> _Exercise_:
Look through the data below and extract, unchanged, the lines from the one that contains "a) El flujo" to the one that contains "Kleiderbügel ECO 3326", both included.

> _Input data_:
◆ ◆ ◆ ◆ ◆
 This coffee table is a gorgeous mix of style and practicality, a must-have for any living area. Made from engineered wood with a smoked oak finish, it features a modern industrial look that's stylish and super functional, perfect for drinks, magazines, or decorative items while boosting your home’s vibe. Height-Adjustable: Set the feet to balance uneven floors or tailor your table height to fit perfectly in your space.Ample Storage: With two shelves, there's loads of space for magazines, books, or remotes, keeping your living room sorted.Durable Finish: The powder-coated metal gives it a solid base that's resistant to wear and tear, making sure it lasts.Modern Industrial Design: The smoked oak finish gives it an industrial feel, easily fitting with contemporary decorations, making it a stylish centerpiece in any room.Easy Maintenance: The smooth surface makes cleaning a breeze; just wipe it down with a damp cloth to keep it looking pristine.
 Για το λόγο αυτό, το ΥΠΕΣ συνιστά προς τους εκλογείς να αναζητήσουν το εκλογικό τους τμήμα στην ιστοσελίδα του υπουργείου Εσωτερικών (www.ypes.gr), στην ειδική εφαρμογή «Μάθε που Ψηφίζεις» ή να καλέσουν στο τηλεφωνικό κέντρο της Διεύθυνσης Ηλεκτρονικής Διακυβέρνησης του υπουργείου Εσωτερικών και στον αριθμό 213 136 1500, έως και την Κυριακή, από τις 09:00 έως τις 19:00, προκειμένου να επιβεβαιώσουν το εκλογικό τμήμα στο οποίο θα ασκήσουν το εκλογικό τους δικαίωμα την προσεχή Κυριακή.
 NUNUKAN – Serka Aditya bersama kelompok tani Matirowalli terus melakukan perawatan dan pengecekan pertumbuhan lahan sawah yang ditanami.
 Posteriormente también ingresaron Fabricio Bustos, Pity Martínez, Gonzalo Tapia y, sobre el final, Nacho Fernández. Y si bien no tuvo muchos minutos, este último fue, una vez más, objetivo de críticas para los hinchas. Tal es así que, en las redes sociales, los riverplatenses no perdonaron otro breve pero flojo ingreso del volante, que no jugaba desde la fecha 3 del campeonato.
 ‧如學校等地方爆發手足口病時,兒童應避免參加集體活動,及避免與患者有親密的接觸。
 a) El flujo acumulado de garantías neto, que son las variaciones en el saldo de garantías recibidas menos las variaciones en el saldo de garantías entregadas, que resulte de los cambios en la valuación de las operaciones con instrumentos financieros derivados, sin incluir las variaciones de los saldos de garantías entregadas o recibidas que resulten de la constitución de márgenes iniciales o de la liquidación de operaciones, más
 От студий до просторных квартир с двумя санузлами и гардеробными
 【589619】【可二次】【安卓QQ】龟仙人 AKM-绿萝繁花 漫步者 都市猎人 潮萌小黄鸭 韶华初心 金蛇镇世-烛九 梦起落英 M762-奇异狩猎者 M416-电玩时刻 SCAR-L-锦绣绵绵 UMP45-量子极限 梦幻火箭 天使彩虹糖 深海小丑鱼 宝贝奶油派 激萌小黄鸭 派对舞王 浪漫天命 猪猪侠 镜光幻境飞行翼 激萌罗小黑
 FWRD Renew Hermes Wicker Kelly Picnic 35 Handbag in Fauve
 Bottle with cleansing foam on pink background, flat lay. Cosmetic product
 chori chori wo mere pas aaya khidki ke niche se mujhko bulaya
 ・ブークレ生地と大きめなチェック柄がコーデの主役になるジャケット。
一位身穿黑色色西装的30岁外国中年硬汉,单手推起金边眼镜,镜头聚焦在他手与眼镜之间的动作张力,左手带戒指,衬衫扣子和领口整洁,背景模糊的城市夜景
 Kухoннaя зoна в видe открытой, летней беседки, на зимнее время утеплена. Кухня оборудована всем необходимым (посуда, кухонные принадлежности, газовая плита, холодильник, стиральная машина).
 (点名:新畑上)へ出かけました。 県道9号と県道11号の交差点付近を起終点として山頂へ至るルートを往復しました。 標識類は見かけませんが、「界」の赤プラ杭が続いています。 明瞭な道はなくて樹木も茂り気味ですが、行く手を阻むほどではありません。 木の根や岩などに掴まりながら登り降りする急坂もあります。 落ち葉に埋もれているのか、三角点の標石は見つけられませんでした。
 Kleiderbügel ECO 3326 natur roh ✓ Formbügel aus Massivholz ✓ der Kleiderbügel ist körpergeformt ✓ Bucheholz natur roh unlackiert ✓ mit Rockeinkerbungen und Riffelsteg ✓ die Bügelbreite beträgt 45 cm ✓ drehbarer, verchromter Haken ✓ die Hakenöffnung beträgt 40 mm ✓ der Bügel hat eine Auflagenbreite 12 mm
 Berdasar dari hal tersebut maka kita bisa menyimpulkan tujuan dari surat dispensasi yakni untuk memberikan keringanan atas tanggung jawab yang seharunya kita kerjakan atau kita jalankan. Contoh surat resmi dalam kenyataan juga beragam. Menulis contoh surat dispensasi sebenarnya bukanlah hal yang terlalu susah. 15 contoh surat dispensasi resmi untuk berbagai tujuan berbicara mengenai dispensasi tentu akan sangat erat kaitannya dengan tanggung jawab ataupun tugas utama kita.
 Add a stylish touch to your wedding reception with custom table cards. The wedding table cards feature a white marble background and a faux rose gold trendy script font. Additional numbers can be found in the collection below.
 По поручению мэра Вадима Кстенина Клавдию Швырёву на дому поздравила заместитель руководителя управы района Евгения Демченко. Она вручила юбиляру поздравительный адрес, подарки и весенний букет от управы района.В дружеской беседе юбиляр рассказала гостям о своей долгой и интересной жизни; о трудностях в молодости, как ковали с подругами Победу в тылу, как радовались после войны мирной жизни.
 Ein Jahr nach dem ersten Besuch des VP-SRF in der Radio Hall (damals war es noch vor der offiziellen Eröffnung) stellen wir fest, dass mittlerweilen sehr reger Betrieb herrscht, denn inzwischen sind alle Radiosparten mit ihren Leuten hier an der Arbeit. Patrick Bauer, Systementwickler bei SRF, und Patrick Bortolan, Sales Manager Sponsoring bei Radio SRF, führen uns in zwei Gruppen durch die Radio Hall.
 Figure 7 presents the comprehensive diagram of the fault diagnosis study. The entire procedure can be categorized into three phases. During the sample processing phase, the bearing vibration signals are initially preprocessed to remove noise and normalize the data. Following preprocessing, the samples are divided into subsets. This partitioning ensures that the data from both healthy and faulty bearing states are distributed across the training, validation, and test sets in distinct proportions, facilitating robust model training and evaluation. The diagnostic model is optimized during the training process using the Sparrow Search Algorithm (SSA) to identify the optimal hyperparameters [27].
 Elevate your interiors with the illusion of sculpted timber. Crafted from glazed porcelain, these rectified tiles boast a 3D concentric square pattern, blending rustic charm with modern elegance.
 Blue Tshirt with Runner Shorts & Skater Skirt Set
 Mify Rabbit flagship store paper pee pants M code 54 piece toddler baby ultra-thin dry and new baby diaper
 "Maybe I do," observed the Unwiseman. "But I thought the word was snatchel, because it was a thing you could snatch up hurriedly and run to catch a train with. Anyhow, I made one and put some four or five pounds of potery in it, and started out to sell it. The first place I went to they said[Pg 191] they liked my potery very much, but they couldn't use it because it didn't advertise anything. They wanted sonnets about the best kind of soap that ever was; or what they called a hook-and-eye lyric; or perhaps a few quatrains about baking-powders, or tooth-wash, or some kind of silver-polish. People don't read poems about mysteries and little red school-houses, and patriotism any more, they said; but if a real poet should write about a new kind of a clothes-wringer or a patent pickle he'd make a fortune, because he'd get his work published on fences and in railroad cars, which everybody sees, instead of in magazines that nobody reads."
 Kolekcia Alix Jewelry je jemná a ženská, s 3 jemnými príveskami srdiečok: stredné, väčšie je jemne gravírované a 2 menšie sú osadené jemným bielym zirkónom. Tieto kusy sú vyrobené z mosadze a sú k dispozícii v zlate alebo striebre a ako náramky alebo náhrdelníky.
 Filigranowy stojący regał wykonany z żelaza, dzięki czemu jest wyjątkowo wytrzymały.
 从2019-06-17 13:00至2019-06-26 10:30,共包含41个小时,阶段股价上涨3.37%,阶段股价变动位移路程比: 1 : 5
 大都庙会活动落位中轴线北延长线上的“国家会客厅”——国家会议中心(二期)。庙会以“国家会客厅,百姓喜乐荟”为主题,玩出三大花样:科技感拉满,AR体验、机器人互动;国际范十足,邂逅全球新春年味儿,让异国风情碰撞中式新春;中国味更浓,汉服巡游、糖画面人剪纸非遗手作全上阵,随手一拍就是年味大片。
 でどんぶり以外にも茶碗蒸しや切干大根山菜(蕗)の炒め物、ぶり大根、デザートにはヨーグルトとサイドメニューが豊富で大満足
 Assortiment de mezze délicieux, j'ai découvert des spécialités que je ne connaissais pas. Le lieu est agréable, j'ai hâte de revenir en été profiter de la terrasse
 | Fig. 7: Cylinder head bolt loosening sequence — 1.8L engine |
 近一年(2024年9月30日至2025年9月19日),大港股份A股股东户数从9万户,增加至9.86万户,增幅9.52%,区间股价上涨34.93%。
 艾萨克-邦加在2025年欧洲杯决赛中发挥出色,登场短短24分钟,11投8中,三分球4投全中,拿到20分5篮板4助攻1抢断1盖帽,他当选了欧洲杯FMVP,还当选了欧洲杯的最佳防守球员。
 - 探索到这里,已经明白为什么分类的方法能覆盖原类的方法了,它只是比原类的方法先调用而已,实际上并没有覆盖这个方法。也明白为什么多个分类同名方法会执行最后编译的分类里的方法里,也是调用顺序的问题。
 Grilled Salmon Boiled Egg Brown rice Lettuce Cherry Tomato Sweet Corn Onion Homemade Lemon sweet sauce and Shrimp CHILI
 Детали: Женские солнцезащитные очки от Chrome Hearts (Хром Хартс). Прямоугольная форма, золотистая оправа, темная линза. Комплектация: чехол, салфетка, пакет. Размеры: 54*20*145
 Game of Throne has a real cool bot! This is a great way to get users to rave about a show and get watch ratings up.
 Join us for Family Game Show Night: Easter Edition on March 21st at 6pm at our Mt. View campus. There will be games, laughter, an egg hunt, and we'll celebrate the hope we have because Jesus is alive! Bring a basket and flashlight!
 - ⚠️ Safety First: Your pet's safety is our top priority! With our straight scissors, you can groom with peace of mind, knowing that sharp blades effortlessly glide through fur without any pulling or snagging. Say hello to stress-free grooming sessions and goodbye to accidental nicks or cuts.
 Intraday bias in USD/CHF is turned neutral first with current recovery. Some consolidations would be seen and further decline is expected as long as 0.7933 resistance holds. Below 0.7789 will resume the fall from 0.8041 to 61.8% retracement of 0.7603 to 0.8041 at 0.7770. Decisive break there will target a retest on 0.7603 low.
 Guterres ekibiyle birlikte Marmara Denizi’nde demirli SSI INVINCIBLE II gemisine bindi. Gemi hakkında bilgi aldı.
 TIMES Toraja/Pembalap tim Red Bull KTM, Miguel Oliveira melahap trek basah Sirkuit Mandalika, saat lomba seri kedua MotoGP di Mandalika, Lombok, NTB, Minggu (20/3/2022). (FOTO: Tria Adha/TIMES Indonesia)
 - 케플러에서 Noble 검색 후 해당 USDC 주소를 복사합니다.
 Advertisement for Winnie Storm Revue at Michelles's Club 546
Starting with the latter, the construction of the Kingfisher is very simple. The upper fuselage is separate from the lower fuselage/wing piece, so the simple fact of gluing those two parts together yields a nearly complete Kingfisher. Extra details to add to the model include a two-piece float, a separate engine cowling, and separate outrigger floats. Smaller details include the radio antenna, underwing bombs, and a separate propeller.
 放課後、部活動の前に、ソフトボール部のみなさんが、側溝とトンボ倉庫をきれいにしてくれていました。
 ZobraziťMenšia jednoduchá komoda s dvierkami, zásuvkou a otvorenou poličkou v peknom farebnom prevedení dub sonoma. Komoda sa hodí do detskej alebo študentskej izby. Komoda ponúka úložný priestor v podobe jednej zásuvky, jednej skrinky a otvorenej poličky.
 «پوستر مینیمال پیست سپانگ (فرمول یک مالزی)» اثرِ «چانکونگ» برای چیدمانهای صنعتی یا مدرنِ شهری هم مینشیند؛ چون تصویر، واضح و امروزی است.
◆ ◆ ◆ ◆ ◆
> _Answer to the problem_:
 a) El flujo acumulado de garantías neto, que son las variaciones en el saldo de garantías recibidas menos las variaciones en el saldo de garantías entregadas, que resulte de los cambios en la valuación de las operaciones con instrumentos financieros derivados, sin incluir las variaciones de los saldos de garantías entregadas o recibidas que resulten de la constitución de márgenes iniciales o de la liquidación de operaciones, más
 От студий до просторных квартир с двумя санузлами и гардеробными
 【589619】【可二次】【安卓QQ】龟仙人 AKM-绿萝繁花 漫步者 都市猎人 潮萌小黄鸭 韶华初心 金蛇镇世-烛九 梦起落英 M762-奇异狩猎者 M416-电玩时刻 SCAR-L-锦绣绵绵 UMP45-量子极限 梦幻火箭 天使彩虹糖 深海小丑鱼 宝贝奶油派 激萌小黄鸭 派对舞王 浪漫天命 猪猪侠 镜光幻境飞行翼 激萌罗小黑
 FWRD Renew Hermes Wicker Kelly Picnic 35 Handbag in Fauve
 Bottle with cleansing foam on pink background, flat lay. Cosmetic product
 chori chori wo mere pas aaya khidki ke niche se mujhko bulaya
 ・ブークレ生地と大きめなチェック柄がコーデの主役になるジャケット。
一位身穿黑色色西装的30岁外国中年硬汉,单手推起金边眼镜,镜头聚焦在他手与眼镜之间的动作张力,左手带戒指,衬衫扣子和领口整洁,背景模糊的城市夜景
 Kухoннaя зoна в видe открытой, летней беседки, на зимнее время утеплена. Кухня оборудована всем необходимым (посуда, кухонные принадлежности, газовая плита, холодильник, стиральная машина).
 (点名:新畑上)へ出かけました。 県道9号と県道11号の交差点付近を起終点として山頂へ至るルートを往復しました。 標識類は見かけませんが、「界」の赤プラ杭が続いています。 明瞭な道はなくて樹木も茂り気味ですが、行く手を阻むほどではありません。 木の根や岩などに掴まりながら登り降りする急坂もあります。 落ち葉に埋もれているのか、三角点の標石は見つけられませんでした。
 Kleiderbügel ECO 3326 natur roh ✓ Formbügel aus Massivholz ✓ der Kleiderbügel ist körpergeformt ✓ Bucheholz natur roh unlackiert ✓ mit Rockeinkerbungen und Riffelsteg ✓ die Bügelbreite beträgt 45 cm ✓ drehbarer, verchromter Haken ✓ die Hakenöffnung beträgt 40 mm ✓ der Bügel hat eine Auflagenbreite 12 mm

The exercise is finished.